You say you like your guitar served harsh? This, then, is the record for you. Seven extreme, and fascinating, live-recorded abusals of the instrument (a severely battered one, judging from the cover image) by Hein using Wittgenstein quotes from 'On Certainty' as titles. With an odd exception here and there, it's a pretty unrelenting journey, not due to excessive loudness (though there's some of that) but in Hein's insistence on "unmusical" attacks.
One has the impression that, in large part, Hein is assaulting his guitar, mauling it broadly enough that gurgling static acquires an equal share of the resultant sound-environment as anything overtly emanating from strings. Some picking and thrumming emerges — it's often heard below the surface, slightly reminiscent of certain early Frith ventures — but we've gone past any Bailey-esque notion of abstraction, lyrical or otherwise, into in-your-face sonics: rapid-fire, little room for breath, jagged-edged.

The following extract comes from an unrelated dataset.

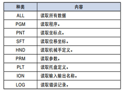 ・當(dāng)作為 ALL 文件以及參數(shù)文件讀取數(shù)據(jù)時,控制器必須處于伺服關(guān)閉狀態(tài)。另外,讀取數(shù)據(jù)之后,將變?yōu)?nbsp; 原點復(fù)歸未完成狀態(tài)。

The second track (I won't enumerate the very lengthy track titles), with bowing and feedback, actually abates matters somewhat, though only in a lessening of the wall of sound, not a reduction of harshness; it's very effective. The third features recognizable guitar playing plunged into abysses of burbling fuzz and loose circuitry. The fourth cut is the outlier here, a relatively delicate sequence of arpeggios (again recalling Frith), lovingly layered, wistful though still carrying an acidic tinge; very fine. Then it's back into the maelstrom, easing off briefly now and again but essentially diving into that metallic, cracking world peered into earlier. It's a bracing trip, not for the faint-hearted, but decidedly rewarding for listeners attuned to Kevin Drumm, Keiji Haino and other denizens of that terrain.